Holi: Fireworks, Powder, Dancing, Mayhem

India's a great place to indulge yourself in activities which, for legal, cultural or expense reasons, are not practical to do in the US, like ordering tailored clothes, littering, paying for a shave, trying out vegetarianism, or making it rain. India's also a great place to blow up an obscene amount of fireworks. Last weekend was the festival of Holi, a two-day festival around the first full moon in February or March, according to the Hindi calendar. According to legend, the son of the king of demons, Prahlada, was a devotee of Vishnu (a good god), and as you may imagine, this development greatly displeased the king of demons, Hiranyakashipu. After trying and failing numerous times to take his son's life, including poisoning him, trampling him by elephants and placing him in a room full of deadly snakes, Hiranyakashipu placed Prahlada on his sister's lap, on top of a burning pyre.
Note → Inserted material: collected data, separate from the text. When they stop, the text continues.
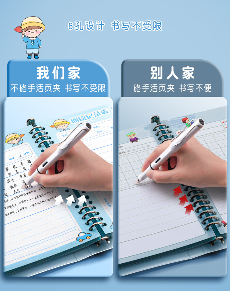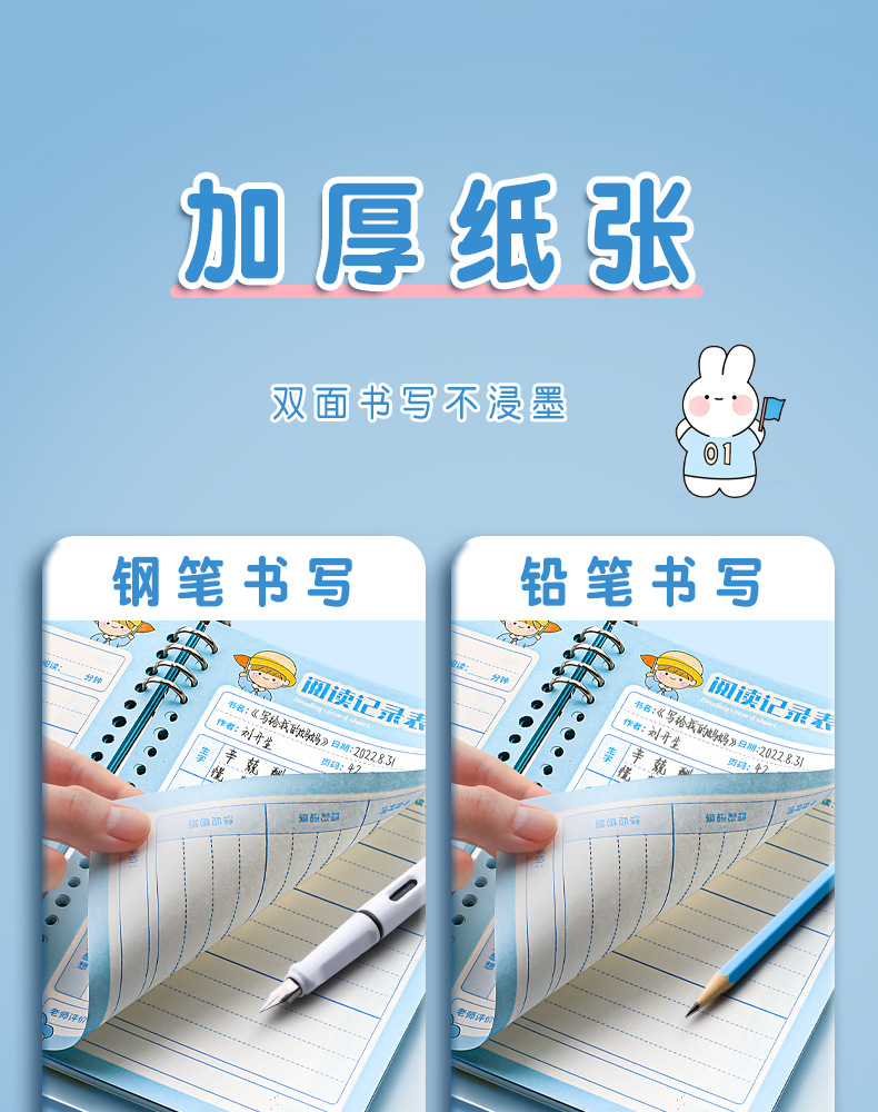 vigorous xiaosen❤horizontal line-100 pages blue + plastic loose-leaf ring
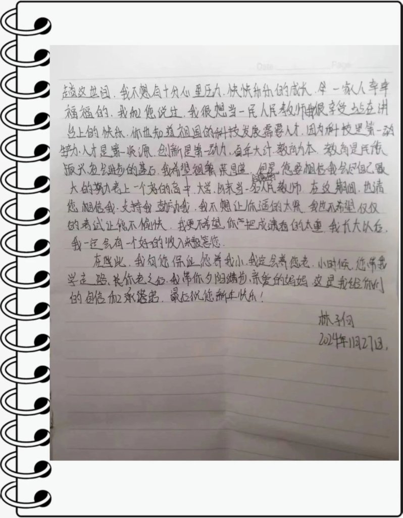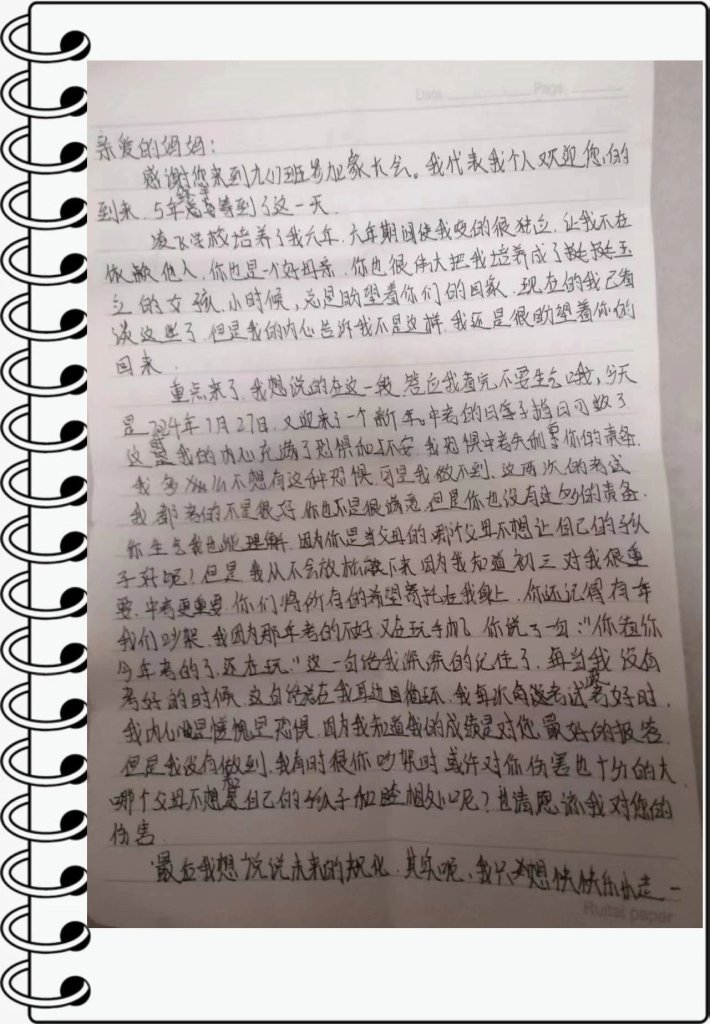 ~ 九(1)班 林子向同学的父母在江苏丹阳工作,为了参加女儿的家长会,凌晨3点开车从丹阳赶回定远,参加完家长会后,再驱车赶回丹阳。女儿很是感动,特意给妈妈写了一封信,孩子需要得到父母足够的关爱和支持才能建立安全感,让我们一起努力吧。
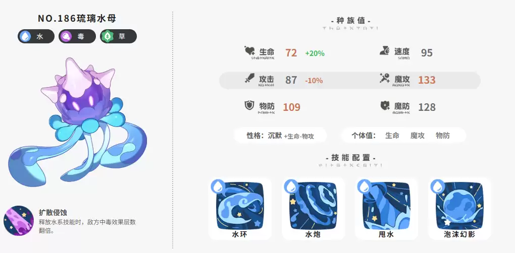 种族值:生命72(+20%)、速度95、攻击87(-10%)、魔攻133、物防109、魔防128
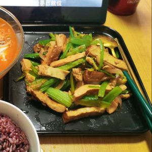 准备食材1.鸡胸肉切丝2.芹菜切段3.香干切条4.洋葱切丝
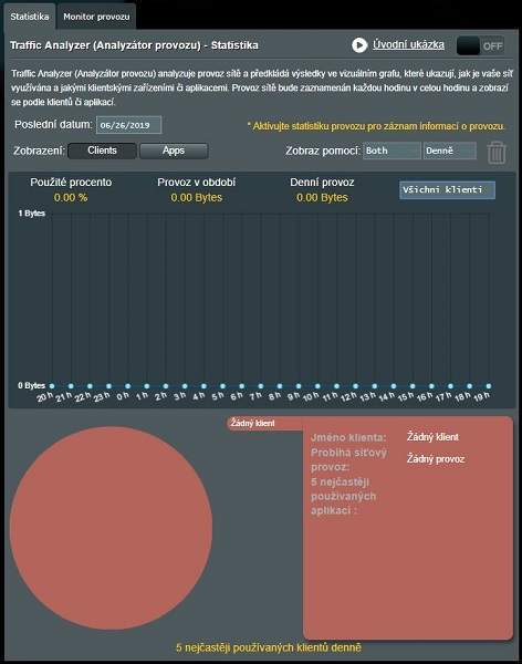Traffic analyzer – sekce zobrazující pokročilejší monitorování provozu sítě v několika různých grafech. Monitor provozu dokáže monitorovat využití bezdrátových sítí či drátové sítě v reálném čase, za posledních 24 hodin, či denní souhrn objemu přijatých a odeslaných dat.
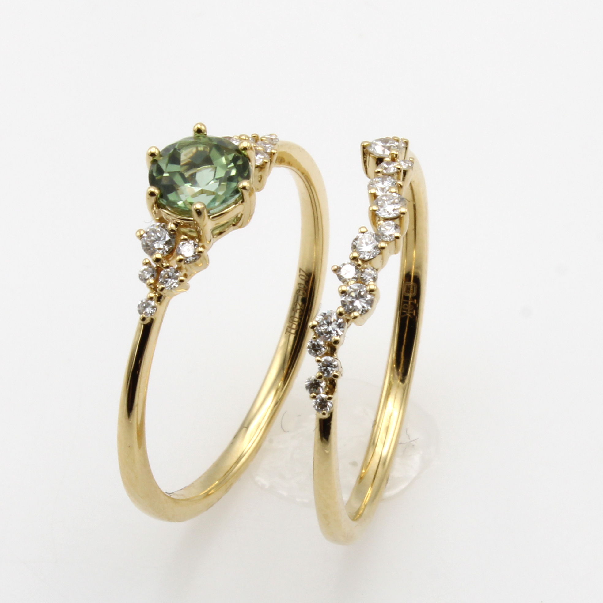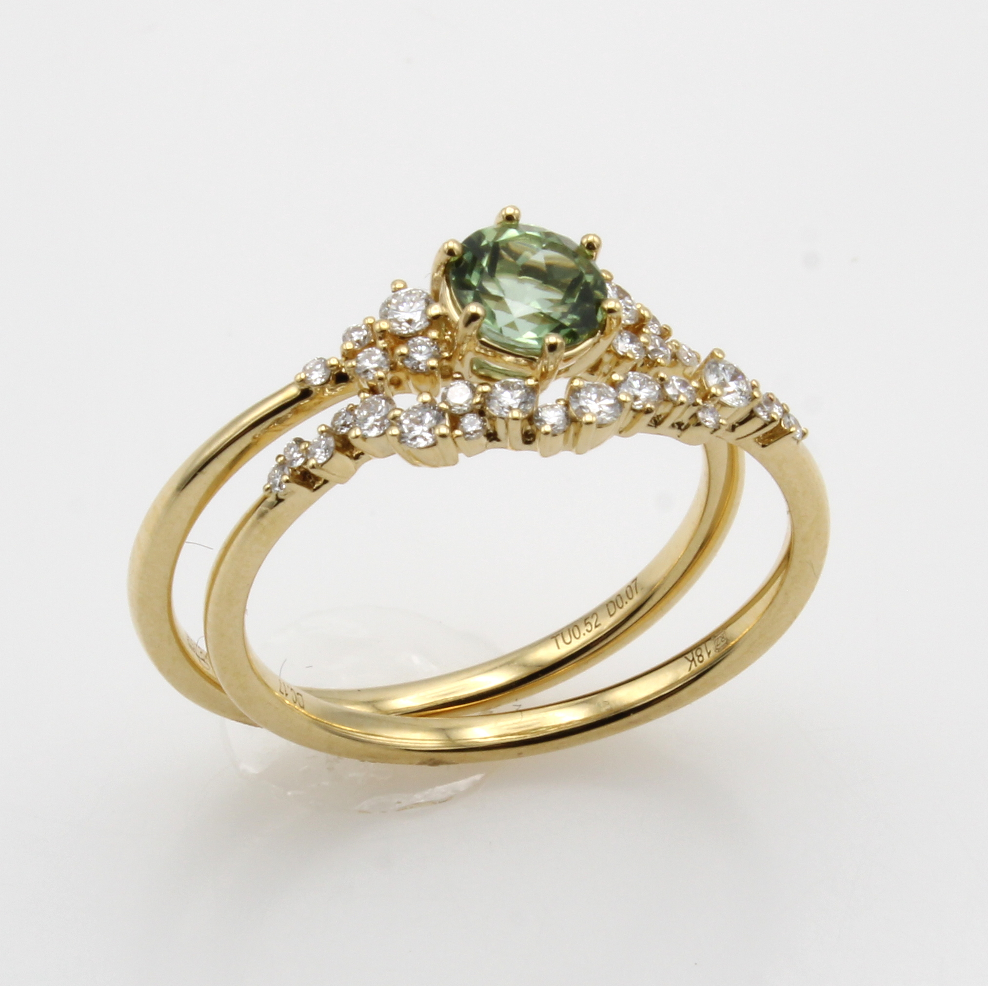 Ringset mit Turmalin und Brillanten, GG 750/000, Turmalin ca. 0.52 ct u. Brill. zus. ca. 0.24 ct feines Weiß/vs, RW ca. 54, Ringe auch einzeln zu tragen Schätzpreis: 3100, - EUR

The fire burned his sister, Holika, but Prahlada was saved because of his devotion. Today people celebrate the festival Holi with fire and color.

It's tradition to light bonfires and fireworks the night before Holi, and the collective noise turned our neighborhood into the auditory equivalent of North Philly for the night. We lit some fireworks that sparkled in place, turning our courtyard fluorescent green for ten seconds, and hand-held sticks that made a blue chemical fire, which we danced with until they died out and we'd light a new one. We lit some elaborate fireworks that could have been mistaken for those at your local July 4 party. We also set off some "bombs," which didn't light up but did produce a loud gunshot-like noise. We ate, partied, and danced around the bonfire late into the night.
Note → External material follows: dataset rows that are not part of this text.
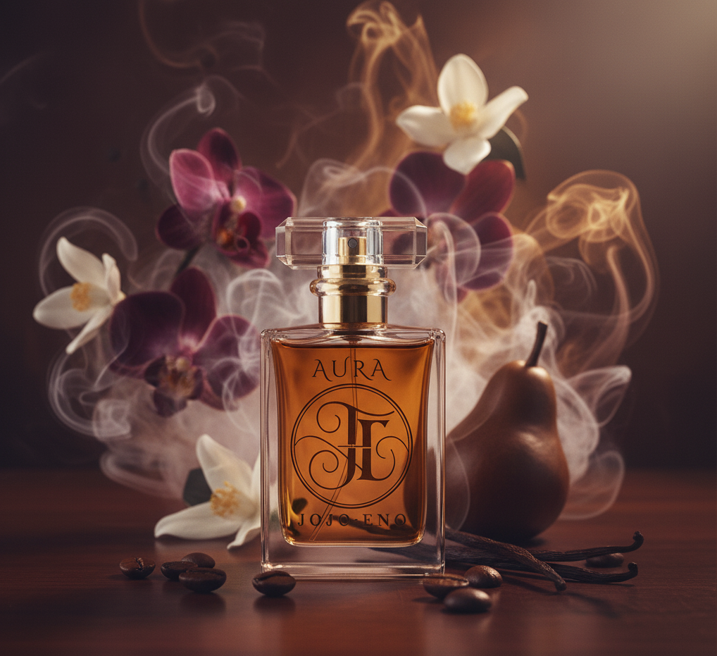 JOJO ENO SIGNATURE. Aura is a deeply sensual blend that opens with a creamy sweetness, unfolds into soft, elegant florals, and settles into a dark, velvety base. It is warm, inviting, and hypnotic — the kind of fragrance that feels intimate yet unforgettable.
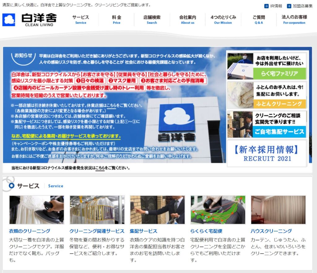 白洋舎は大手のクリーニングチェーンになります。店舗を見た事が無い人は居ないのではないでしょうか。
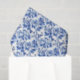 Ce papier tissulaire présente un design floral bleu et blanc.
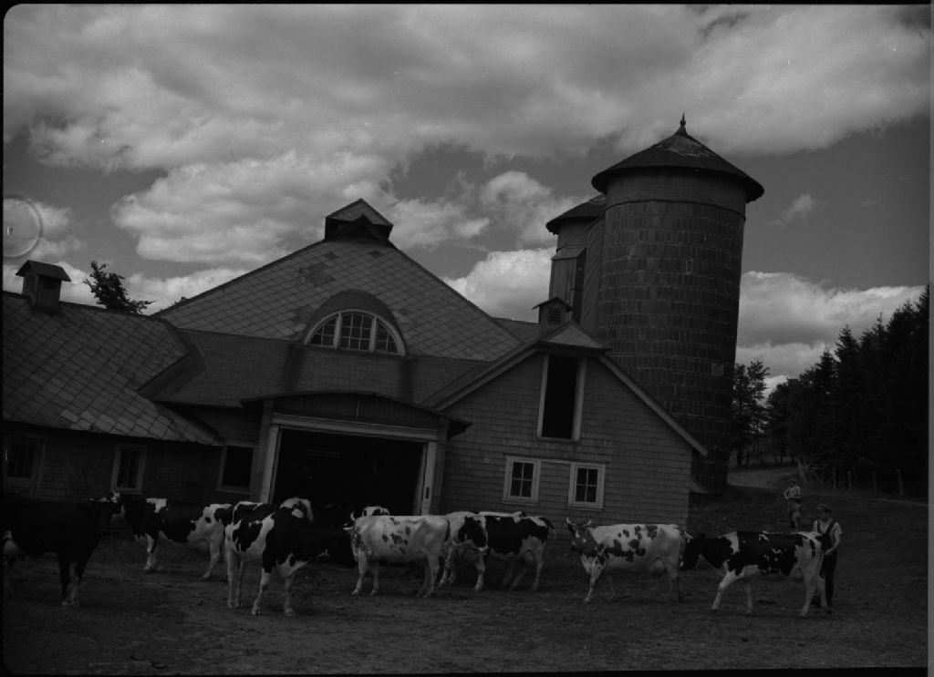 Grand-Mère : troupeau de vaches devant une étable.
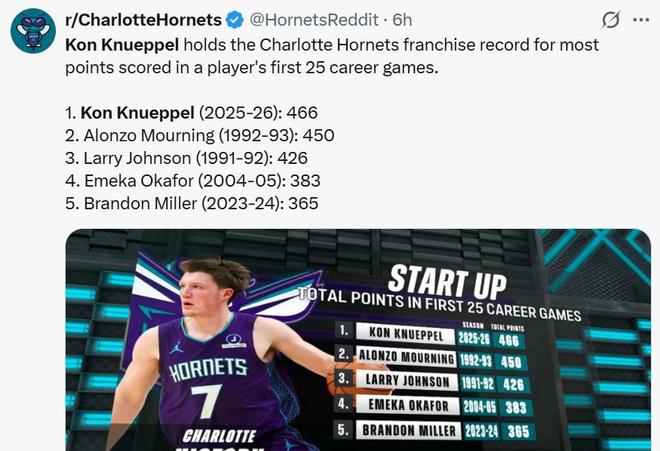 本场拿下29分后,克努佩尔在生涯前25场比赛中已经拿到466分,超越莫宁位列黄蜂新秀前25场得分总和队史第一。

Post-HoliOn the morning of Holi, everyone buys packets of beautiful dyed powder and watercolors, and spends the morning throwing colors on everyone else, chaotically. The Day of Color would not be an enjoyable festival for an obsessive-compulsive. The correct way to apply colored powder to someone's face is to pour some out in each hand, then smear it over the person's face and hair like your grandma used to do to you when you were six. The other person then does the same to you, and you embrace. If things are going well, you can grab a bucket, add some water and colored dye and pour it on your opposite number. My face changed color from red to blue to purple as the day went on, as did everyone else’s.
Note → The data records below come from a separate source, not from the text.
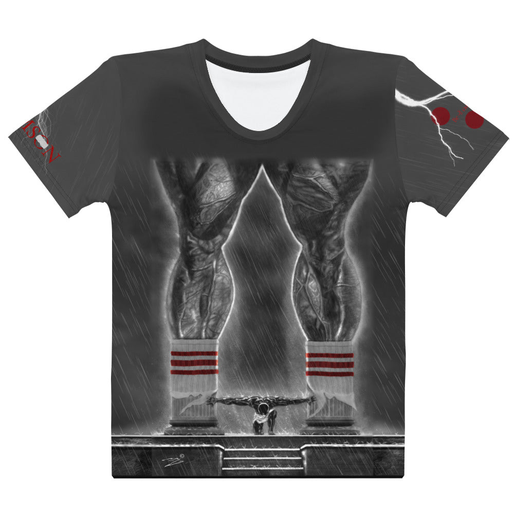 The inner part of the legs are illuminated to highlight a structure of a Temple.
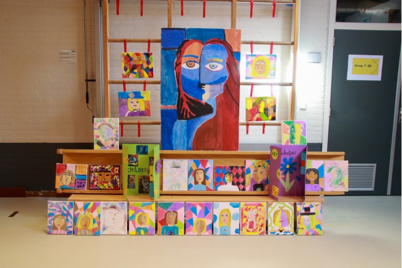 Groot en klein, iedereen was de afgelopen weken een kunstenaar op de Paulusschool. Met het project 'Kunstweken' leerden de kinderen over verschillende kunstenaars en veranderden de klassen in musea. Mondriaan, Van Gogh, Miró en vele andere kunstenaars kwamen aan bod.
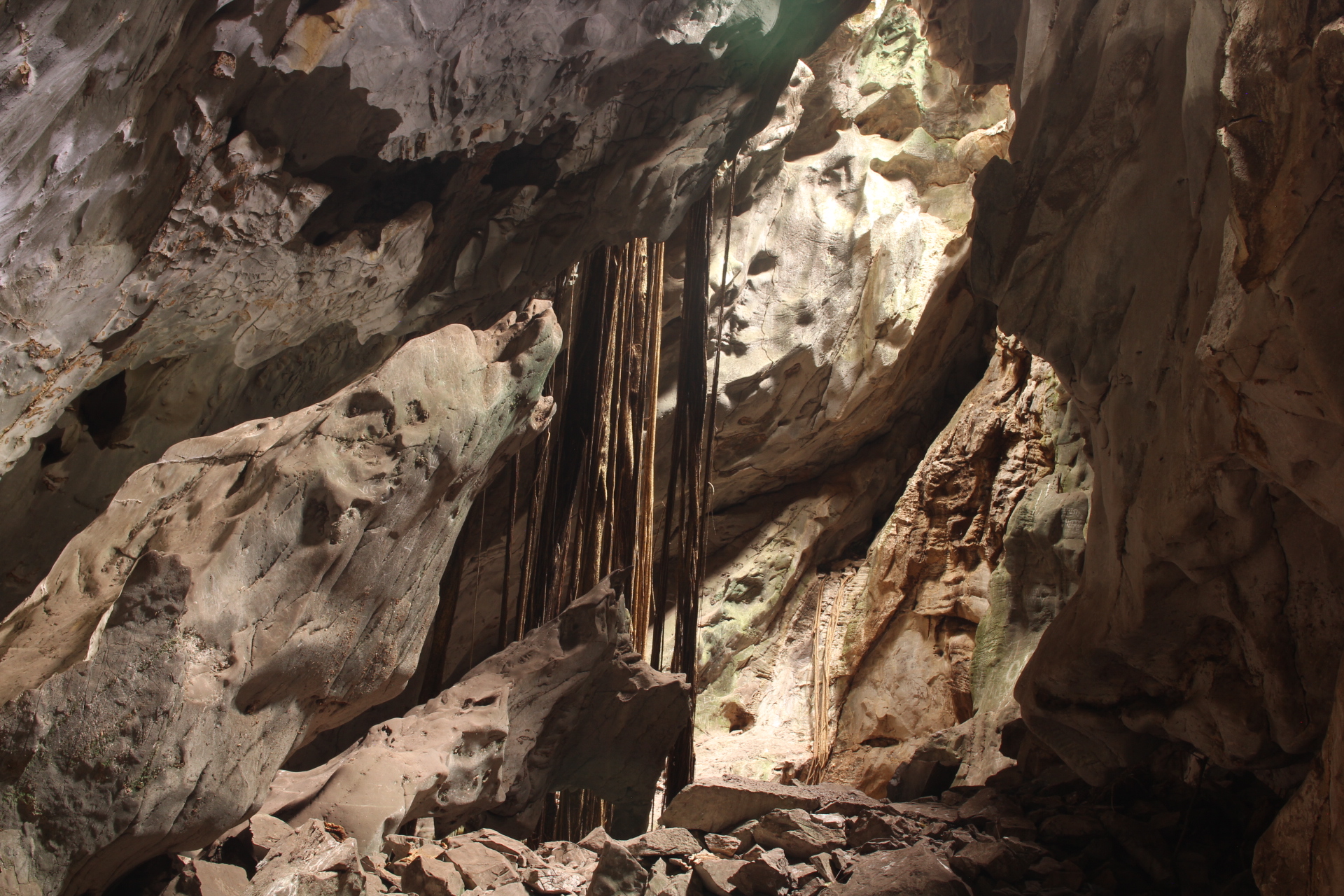 Terminata l’attività in zona, al pomeriggio ci spostiamo verso la grotta Santa Elèna per una prima ricognizione e da subito la cavità (un antico relitto di grotta con numerose finestre di crollo/erosione a soffitto) si propone come affascinante e suggestiva visto l’importante ed evidente fenomeno erosivo delle pareti ma anche per la presenza delle imponenti radici aeree dei ficus giganti (Guapo’y) che da ogni apertura si affondano nel terreno sottostante alla ricerca dell’acqua; non da meno una ricca fauna popola la grotta con nidiate di avvoltoi dal collo grigio, adulti in vigile attesa e lucertoloni in cerca di un pò di refrigerio. Insomma, uno spettacolo della natura che fa subito pensare al possibile utilizzo turistico di questa caverna considerato anche il suo facile accesso.

Within about twenty minutes of waking up, the floor of our courtyard resembled a Jackson Pollock painting. Soon the courtyard was overwhelmed by the deluge of water and paint and, along with our clothes, turned into a melange of purple, red and brown colors. After an hour we were out of powder, so we walked to the corner store to buy more. During the course of a ten-minute walk, three cars stopped to put powder on us and wish us a Happy Holi.

No Western holiday brings out the raucous joy, fierce energy and community spirit of Holi. Lightness about fireworks aside, it was a wonderful holiday and I'm grateful for the experience.